Jones was detached in Brest, France to take charge of Bonhomme Richard, turning over command of Ranger to his first officer, Lieutenant Thomas Simpson. Under Simpson Ranger went on to capture twenty-four more prizes abroad the Atlantic and along the U.S. coast during 1778 and 1779.
Sent to the South in late 1779 to aid the U.S. garrison at Charleston, South Carolina, during the British siege, she continued her raiding career until ultimately forced to take station on the Cooper River, and was captured on May 11, 1780 with the fall of the city.
She was brought into the Royal Navy as HMS Halifax. Decommissioned in 1781 in Portsmouth, England, she was sold that year as a merchant ship.

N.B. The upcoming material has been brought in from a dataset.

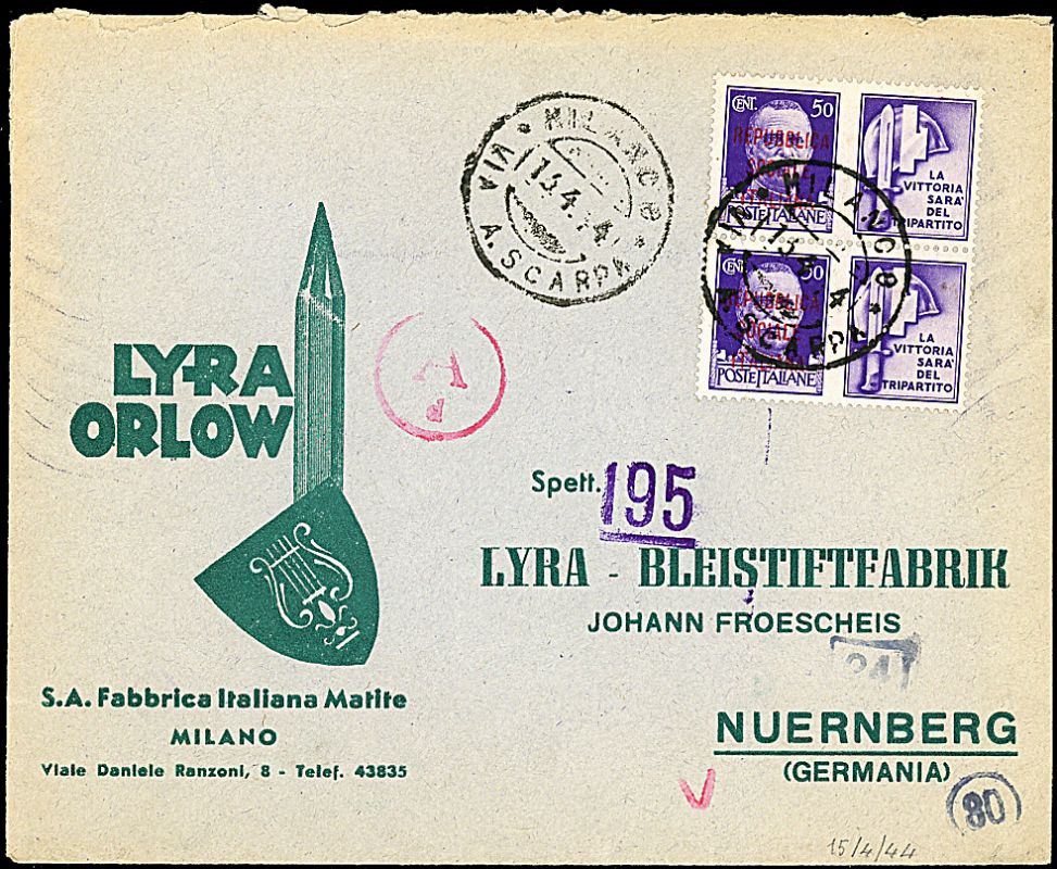 1944 - 50 c. violetto (36) in coppia su busta verificata per censura da Milano (15/4/44) a Norimberga - Non comune

Ranger (initially called Hampshire) was launched 10 May 1777 by James Hackett, master shipbuilder, at the shipyard of John Langdon on what is now called Badger's Island in Kittery, Maine; Captain John Paul Jones in command.
After fitting out, she sailed for France on 1 November 1777, carrying dispatches telling of General Burgoyne's surrender to the commissioners in Paris. On the voyage over, two British prizes were captured. Ranger arrived at Nantes, France, 2 December, where Jones sold the prizes and delivered the news of the victory at Saratoga to Benjamin Franklin. On 14 February 1778, Ranger received a nine-gun salute to the new American flag, the "Stars and Stripes" from the ship of the line Robuste, under Lamotte-Picquet, at Quiberon Bay. This was the first salute from a warship and, the second to an American fighting vessel by a foreign power (the first salute was received by Andrew Doria when on 16 November 1776 she arrived at St. Eustatius and the Dutch island returned her 11-gun salute). 

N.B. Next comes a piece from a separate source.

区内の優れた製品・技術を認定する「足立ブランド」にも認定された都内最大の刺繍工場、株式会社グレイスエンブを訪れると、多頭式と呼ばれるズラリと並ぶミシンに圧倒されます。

Ranger sailed from Brest 10 April 1778, for the Irish Sea and four days later captured a prize between the Scilly Isles and Cape Clear. On 17 April, she took another prize and sent her back to France. Captain Jones led a raid on the English port of Whitehaven, 23 April, spiking the guns of the fortress, but failing in his attempt to burn the ships in the harbor. Sailing across the bay to St. Mary's Isle, Scotland, the American captain planned to seize the Earl of Selkirk and hold him as a hostage and use him to make several political demands. However, since the Earl was absent, the plan failed. Several Royal Navy vessels were searching for Ranger, and Captain Jones sailed across the North Channel to Carrickfergus, Ireland, to induce HMS Drake of 14 guns, to come out and fight. Drake came out slowly against the wind and tide, and, after an hour's battle, the battered Drake struck her colors, with eight sailors being killed in action during the engagement. Having made temporary repairs, and with a prize crew on Drake, Ranger continued around the west coast of Ireland, capturing a lone storeship, and arrived at Brest with her prizes on 8 May.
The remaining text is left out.